Responsible diet and exercise have proven time and time again to be the elements of good health and longevity. I coined a phrase that I think sums up the risk of not taking care of yourself: “Tampering with original equipment voids manufacturer’s warranty!”
Crossroads Diversified Services Inc.
Dirty Little Secret
CFO MAGAZINE SHOULD be commended for shining the light on corporate finance’s dirty little secret: The corporate financial and managerial club remains a bastion of “white guys in ties” (“The Illusion of Inclusion,” May). Sadly, your statistics are no secret in the minority community. Rather than implement diversity initiatives, many corporations bury their heads in their quarterly financials, while others are still run by “good ol’ boy” managers and boards. Four decades of complaints about the “lack of qualified minority candidates” ring hollow when very little is done to mentor and develop existing talent. It’s a shame that the catalyst for corporate change remains its reaction to bad publicity and lawsuits.
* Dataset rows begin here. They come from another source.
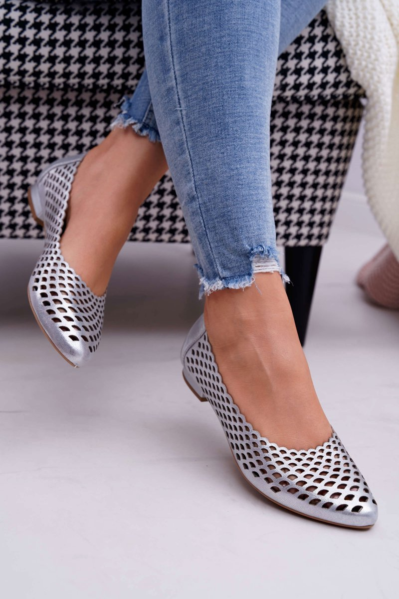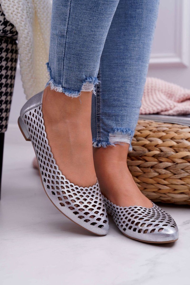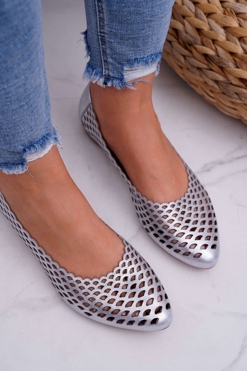 Women's Silver Leather Ballerinas Exquisite 1107/1
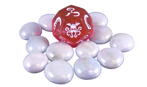 Conjunto com dado rosa e marcadores de sanidade brancos Cthulhu Dice
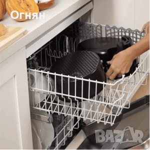 Горният вентилатор позволява на горещия въздух да циркулира в тигана по време на процеса на готвене и също така позволява широка гама от ястия да се приготвят равномерно, без да е необходимо да се добавя масло.
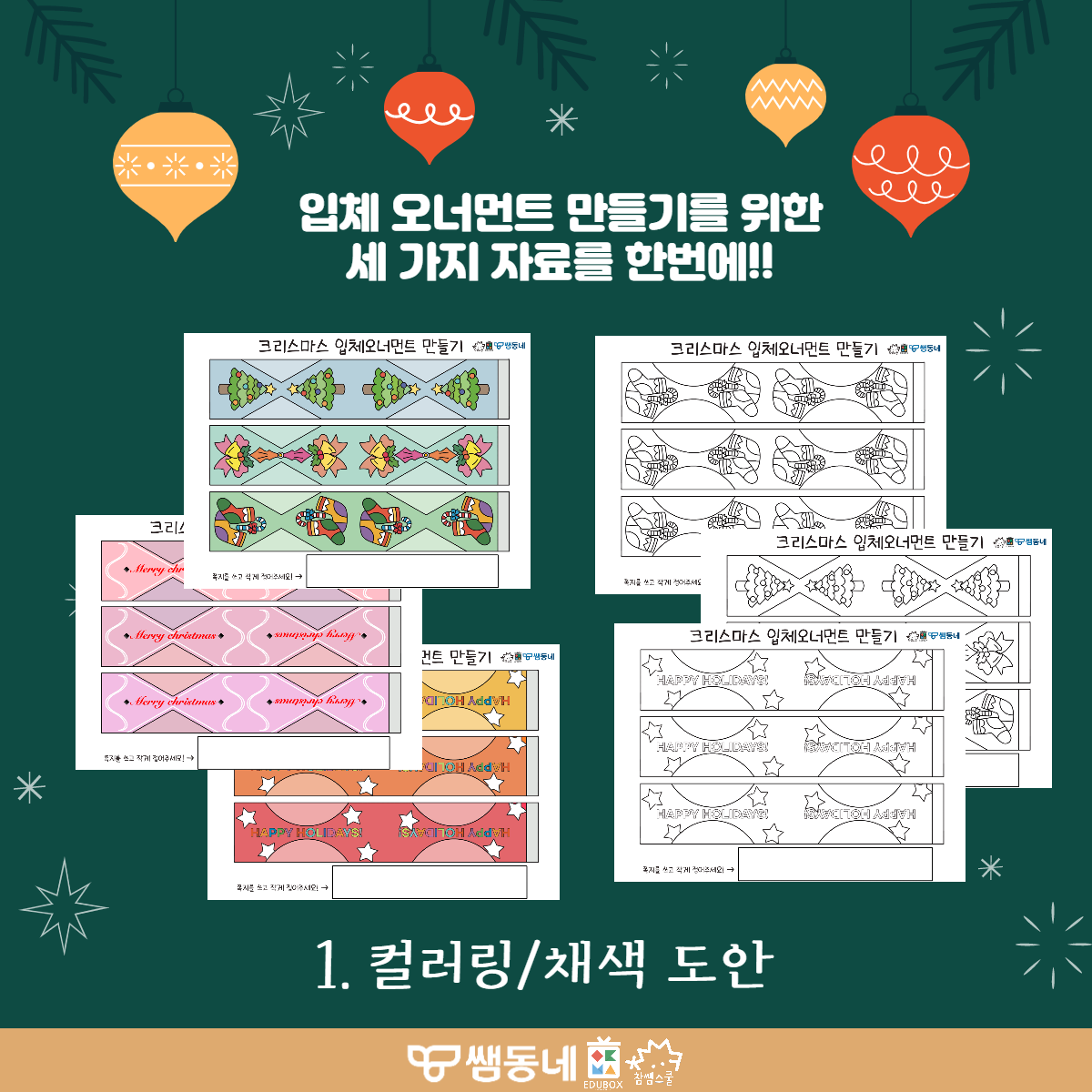 둥근 오너먼트, 각진 오너먼트 총 4가지 종류의 도안으로
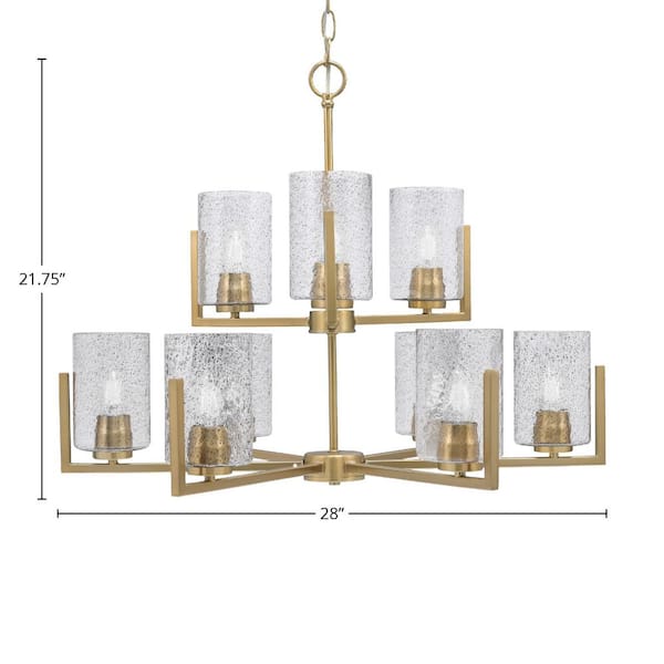Cottonwood 9-Light New Age Brass Chandelier, Round Chandelier with 4 in. Smoke Bubble Glass Shades, No bulbs included
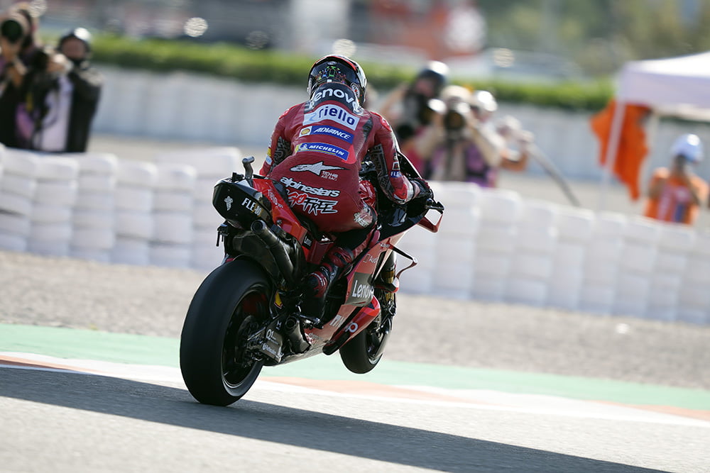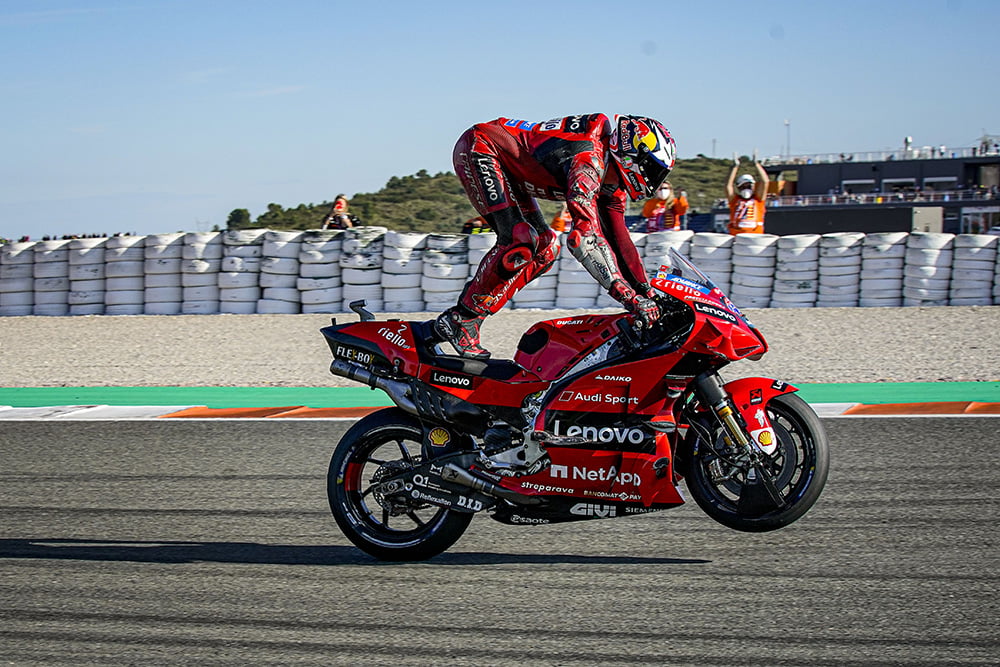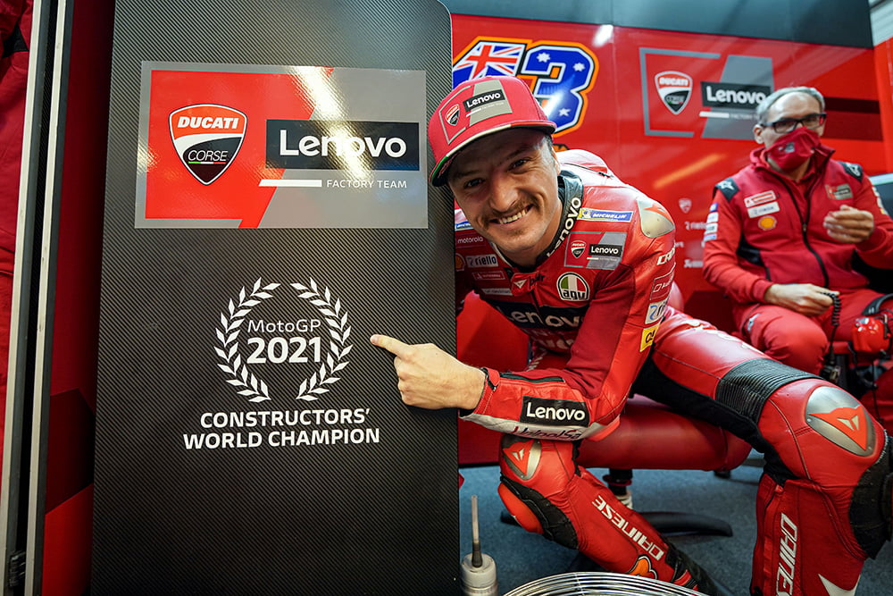 « Merci de dire que la Ducati est la meilleure moto. Je ne sais pas si c’est la meilleure moto mais c’est l’une des meilleures motos et nous en sommes fiers. Mais en termes de championnat, pour être honnête je pense qu’au début de la saison, quand nous avons décidé de faire monter Jack et Pecco dans le team Factory, nous l’avons fait après une deuxième partie de saison où Jack avait été super compétitif et Pecco avait peiné après une chute à Misano. Donc l’idée était évidemment de débuter avec Jack en tant que prétendant au championnat, et que Pecco se battrait pour le top cinq pour le voir progresser. Puis il a fait la pole position au Qatar et il s’est battu pour remporter cette course, et il a fait une deuxième partie de saison fantastique, alors que Jack a remporté sa première victoire sur une Ducati à Jerez, puis au Mans, mais après il y a eu un peu des hauts et des bas. Donc je pense qu’il y a eu quelques courses où nous avons perdu des points clefs qui auraient pu permettre de conserver la bagarre avec Fabio jusqu’à la dernière manche. Je dirais le Mugello, le deuxième départ en Autriche et Silverstone. Bien sûr, nous avons fait de belles choses mais nous avons perdu le championnat avec la chute à Misano, car c’était tout ou rien : Nous devions gagner et je pense que Pecco a fait une course fantastique d’autant que je pense qu’à ce moment Marc Márquez avait décidé qu’il serait heureux avec la deuxième place. Mais Pecco a commis une petite erreur et a chuté, et c’était fini. Mais nous sommes satisfaits et nous pensons que nous avons les pilotes en mesure de vraiment essayer de remporter le championnat l’année prochaine, et c’est ce que nous allons faire. »

The sad fact remains that the diversity of talent, opinion, and culture is an underutilized asset in Corporate America.
Kevin J. Garcia
Former Finance Manager
Albuquerque, New Mexico
I FOUND THE TITLE of your article on diversity in the workplace, “The Illusion of Inclusion,” ironic. I read it with the expectation that I would find myself included: a gay professional. Gay, lesbian, bisexual, and transgender people are part of a good diversity program. I am proud that my employer includes sexual orientation in its program, and actually reaffirms it through the company’s actions.
Scott D. Cady
Financial Management Group
Federal Reserve Bank of Minneapolis
A callout quote in “You’ve Got to Have Friends” (August, page 54) was incorrectly attributed to Toys “R” Us Inc. CEO John Eyler. The quote was in fact from Toysrus.com CFO Ray Arthur.
A photograph on page 50 of the September issue was incorrectly credited to Mark Wilson. The photographer was actually Jason Grow.